Write out only the lines from the line containing "Expert players who" to the end of the listing below, both included, exactly as they stand. Drop the pictures.

BEGIN Given data

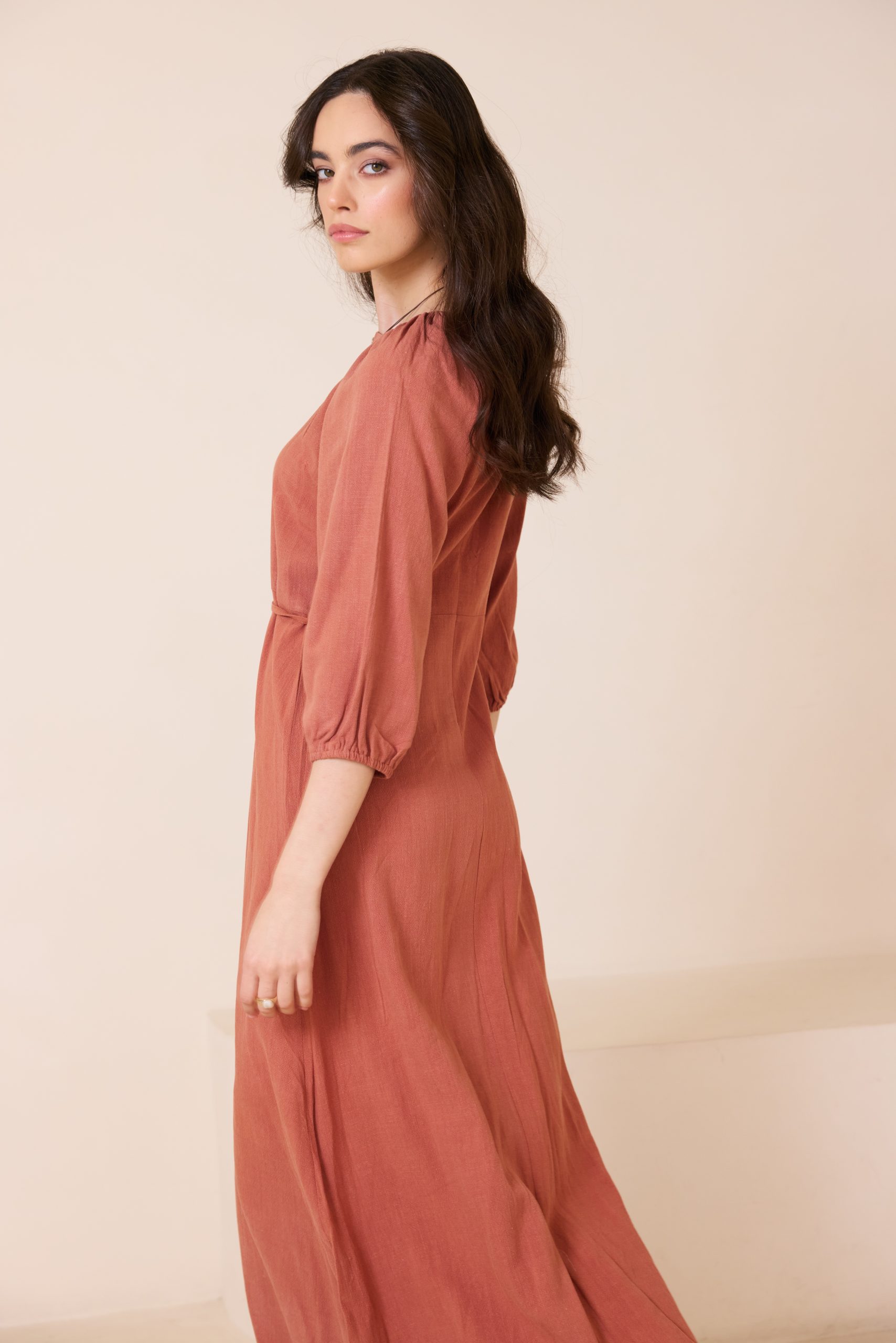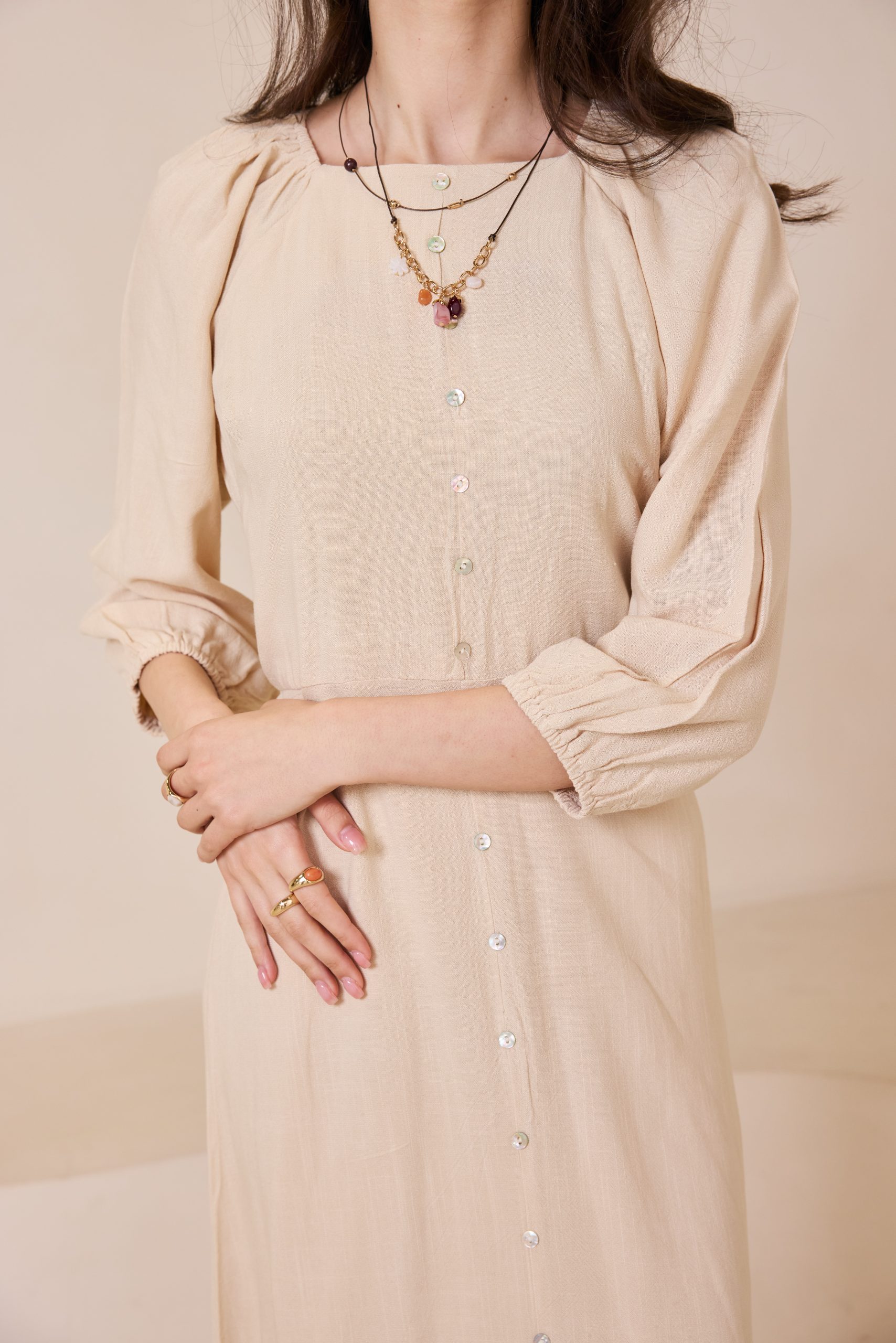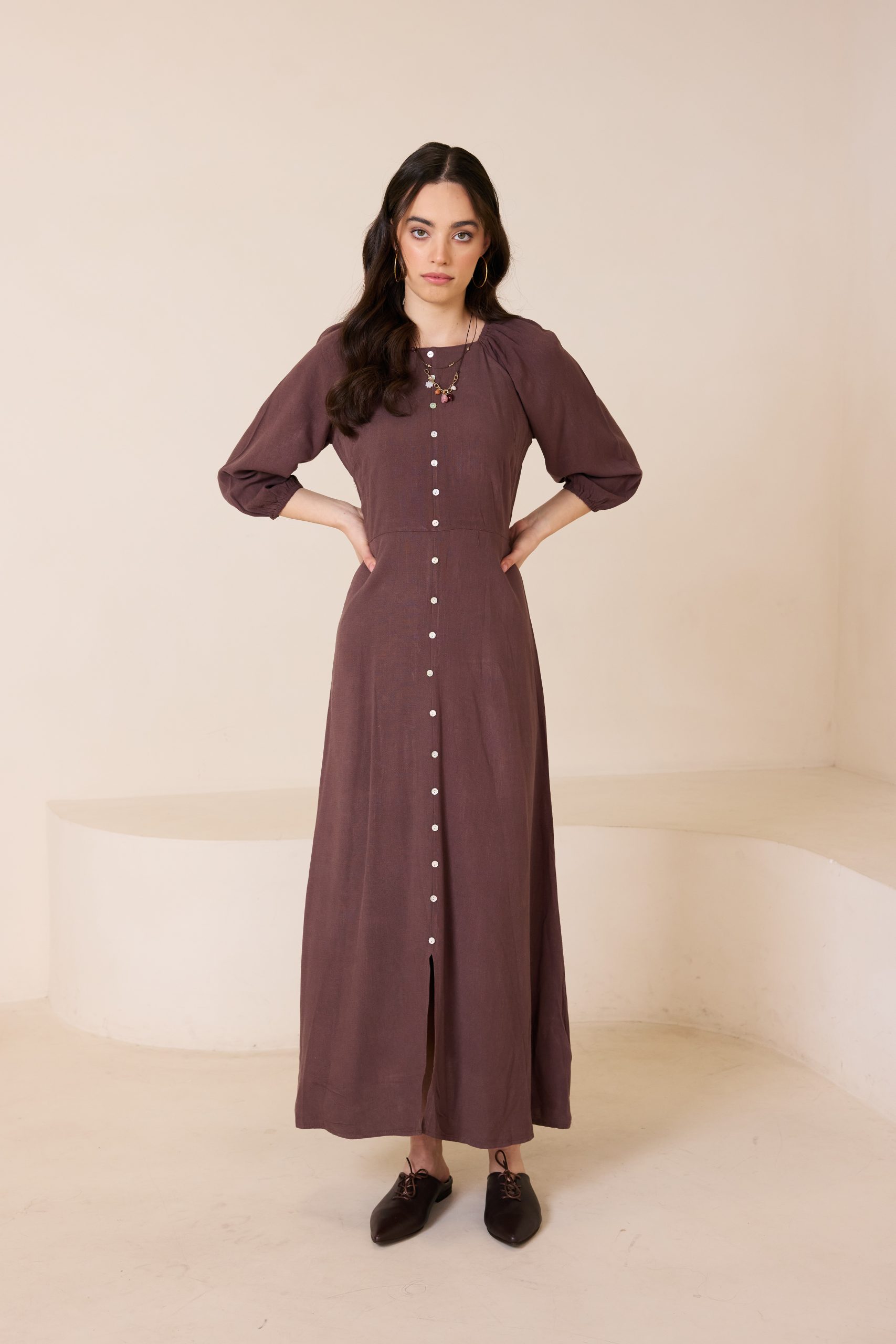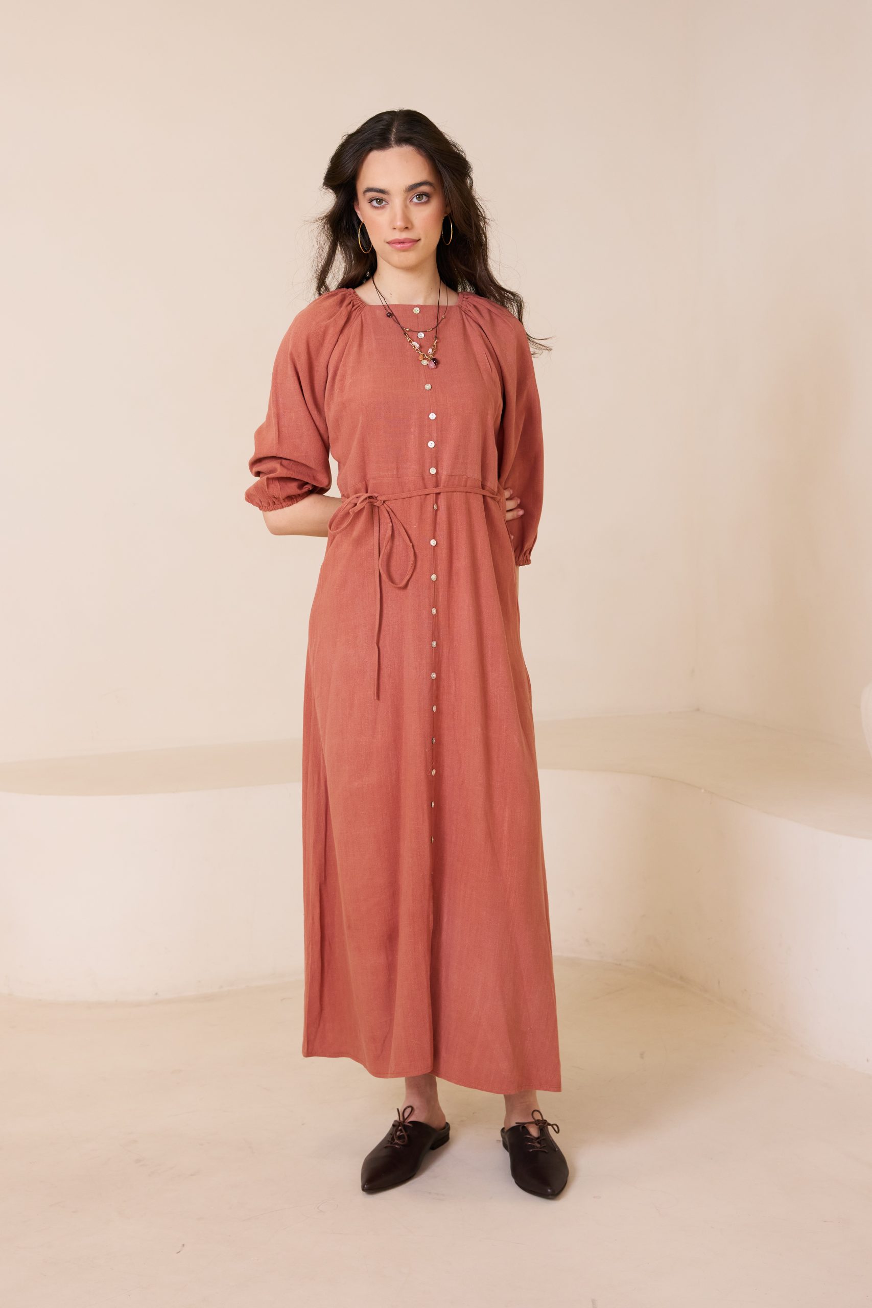 שמלת מקסי קלאסית מבד פשתן איכותי, אוורירי ונעים, המשלבת סגירת דמוי כפתורים אלגנטית לאורכה למראה יוקרתי ובלתי מתאמץ.
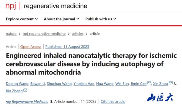 曹济民教授与周鑫教授团队在高水平国际学术期刊《npj Regenerative Medicine》发文:可诱导异常线粒体自噬的吸入式纳米治疗剂治疗缺血性脑血管病
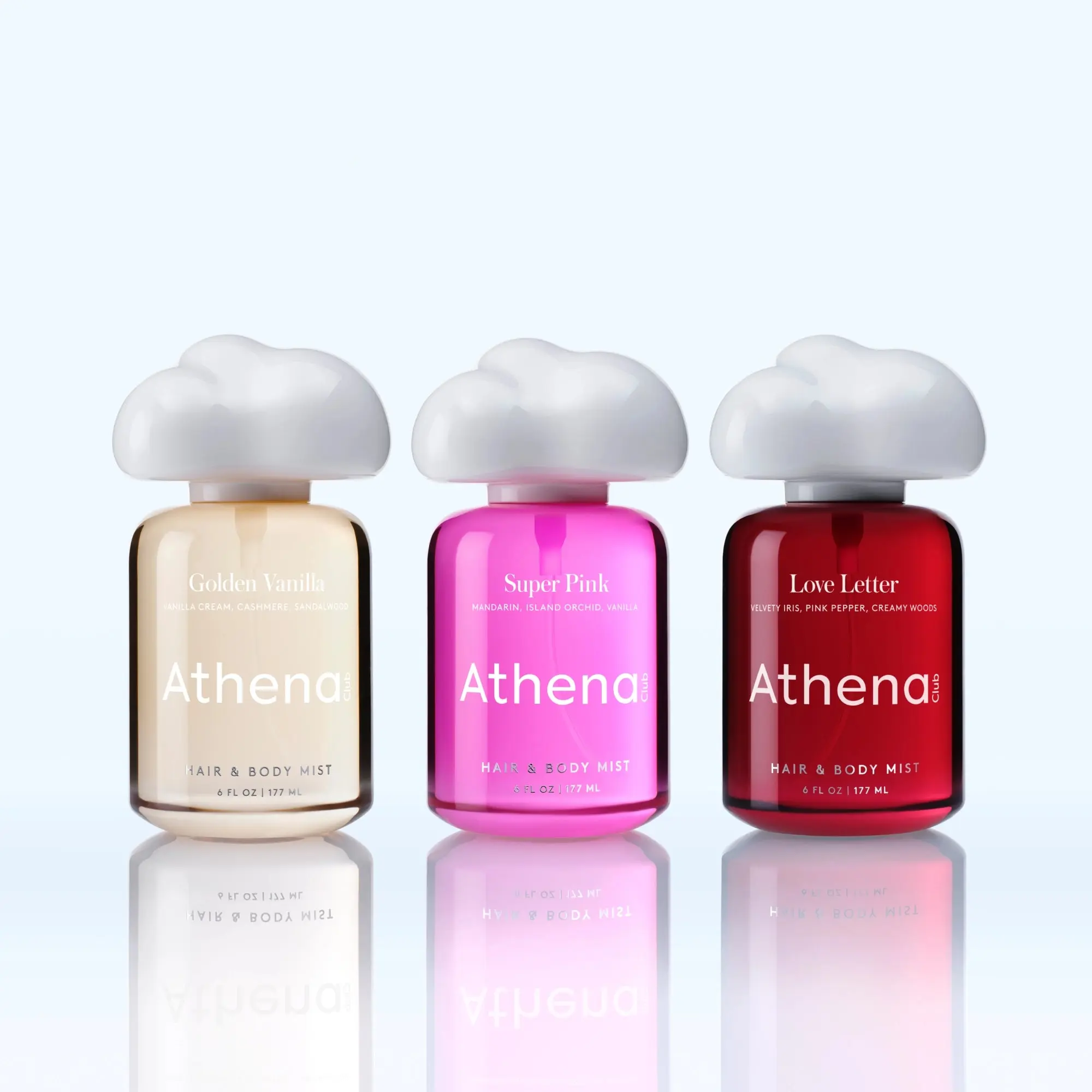 That on-cloud-nine feeling, bottled. This set features three full-sized Hair & Body Mists, each in a different Athena Club fragrance meant to complement one another. Crafted with 5% fine fragrance oil—nearly double the industry standard—this hair and body mist delivers a luxurious scent experience that lasts. Each spray is designed to be layered and built upon, so you can create your own evolving fragrance wardrobe.
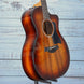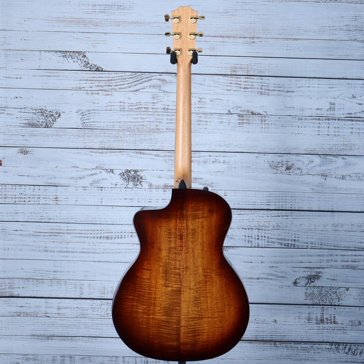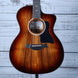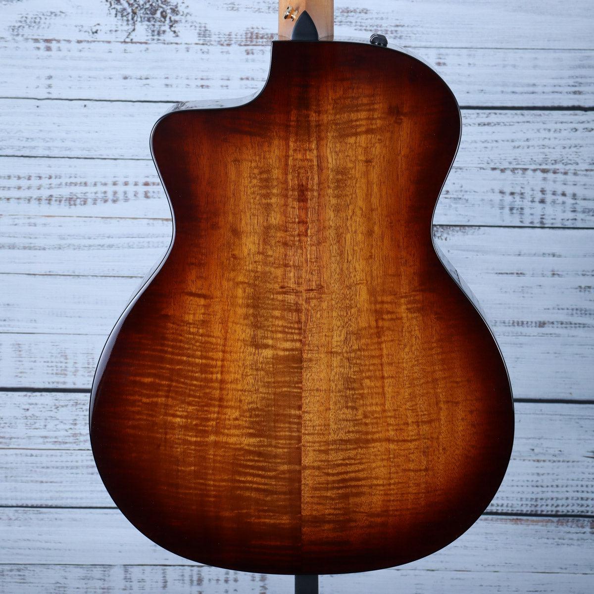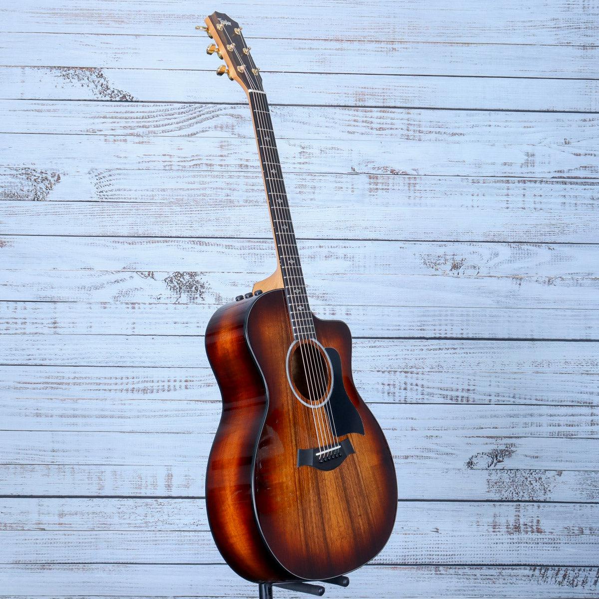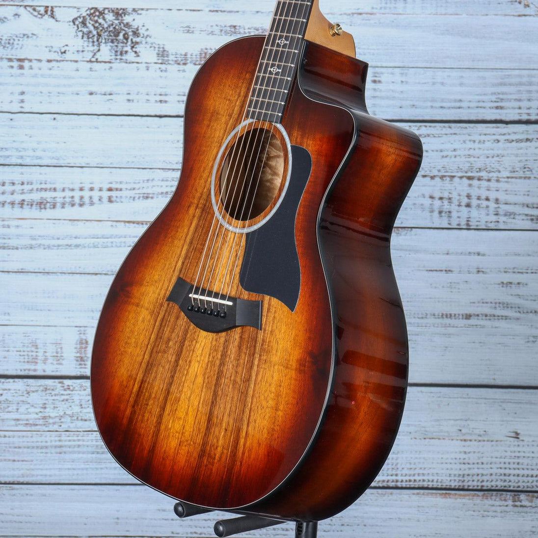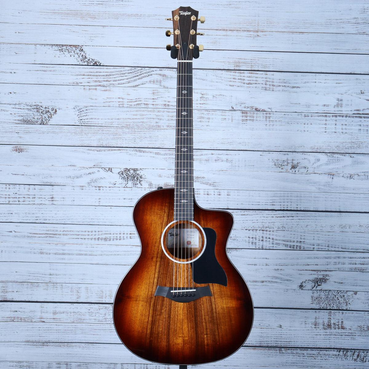 Expert players who appreciate the unique characteristics of Hawaiian koa wood will be impressed by the Taylor 224ce-K DLX acoustic-electric guitar. This Grand Auditorium model boasts a solid koa top and layered koa back and sides, providing a rich, lustrous midrange and sparkling top-end tone. The genuine ebony fretboard, slender Taylor neck, and Venetian cutaway all contribute to a comfortable playing experience with easy access to the highest frets. Its stunning full-body gloss finish in shaded edgeburst highlights koa's natural coloration. This model is equipped with ES2 electronics and includes a deluxe hardshell case.
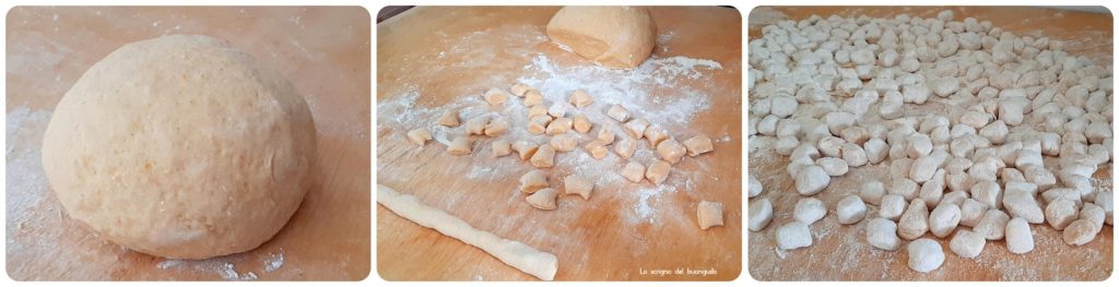 Voeg de pompoen toe aan de aardappelpuree, meng goed, voeg dan het ei toe terwijl je blijft mengen, voeg vervolgens nootmuskaat en peper toe en voeg beetje bij beetje de bloem toe om op een met bloem bestoven werkvlak verder te gaan.

END Given data

Result for this task:
 Expert players who appreciate the unique characteristics of Hawaiian koa wood will be impressed by the Taylor 224ce-K DLX acoustic-electric guitar. This Grand Auditorium model boasts a solid koa top and layered koa back and sides, providing a rich, lustrous midrange and sparkling top-end tone. The genuine ebony fretboard, slender Taylor neck, and Venetian cutaway all contribute to a comfortable playing experience with easy access to the highest frets. Its stunning full-body gloss finish in shaded edgeburst highlights koa's natural coloration. This model is equipped with ES2 electronics and includes a deluxe hardshell case.
 Voeg de pompoen toe aan de aardappelpuree, meng goed, voeg dan het ei toe terwijl je blijft mengen, voeg vervolgens nootmuskaat en peper toe en voeg beetje bij beetje de bloem toe om op een met bloem bestoven werkvlak verder te gaan.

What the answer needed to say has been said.